Mat-Su School District administrators met with parents and staff Thursday night to discuss the options going forward.
Executive director of operations Mike Brown outlined three measures:
- Tear down and replace the entire building
- Repair the entire building
- A repair/replace combo
Brown explained the 30-year-old building was constructed in three parts. Engineers told the district the administrative wing and gym could likely be repaired but that the two-story classroom wing, which took the brunt of the damage from the earthquake, should be torn down.
“What our engineer is telling us is he would not approve a repair, essentially. He’s recommending we upgrade that code,” Brown said.
Staff and parents had concerns about only replacing part of the school.
“By taking care of the academic wing and fixing up the other wings is that really beneficial to the taxpayers and the children in the long run?” asked night custodian Lisa Johansen.
Houston sixth-grade science teacher Kelly Schnittker said she was worried rebuilding a new school might mean small classrooms.
“The upcoming budget scares of more kids into a classroom, and more kids to account for should another thing happen, is a concern. I don’t want something to be rebuilt and be smaller just to fit a budget,” Schnittker said.
Another issue is the temporary set up at the new Houston Jr./Sr. High where nearly 800 students from seven grade levels are crammed into the hallways and portable classrooms.
Junior Eli Knapp said he’d like his peers to have their input heard as the district continues the design process.

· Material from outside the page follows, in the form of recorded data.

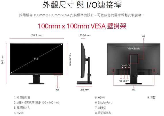 ViewSonic優派 VG3208U-4K 32型 16:9 31.5吋 4K螢幕 (VA/4ms/2H1DP/喇叭/低藍光護眼/HDR10)
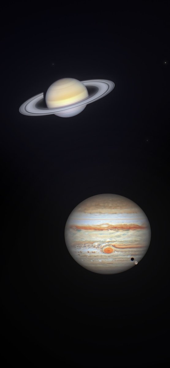 من ادق الصور لكوكبي المشتري وزحل ، تم التقاطها العام الماضي عندما كانا في اقرب مسافة من الأرض، التصوير باستخدام تلسكوب، من المنزل.
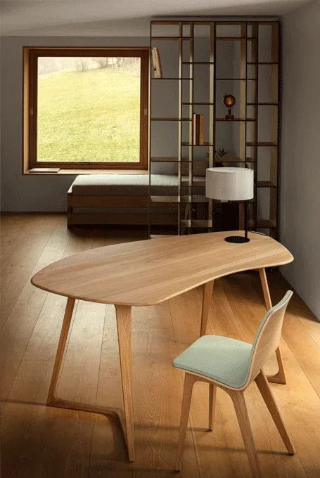 Twist Office has a lightweight frame with a biomorphic design that combines strength and fluid form. Refined edge detailing adds a sophisticated touch to the tabletop.

“When you talk about these things, you talk about them from a sort of detached perspective, this is the money, the square foot,” Knapp said. “It’s important to get the opinion of the people who are going to be spending seven, eight hours a day here.”
Superintendent Dr. Monica Goyette said the district will be making changes to the campus —including the construction of two new portables — over the summer to better accommodate the large volume of students for the foreseeable future.
But she stressed it was still a temporary fix.
“There was some concern I think based on some comments made by elected officials that we've made this work, but we are working to reopen Houston,” Goyette said.
The superintendent said it could still be up to three months before the district hears back from the insurance company about what spending it will cover. Depending on which option is chosen, the middle school could reopen in December 2021 or August 2022.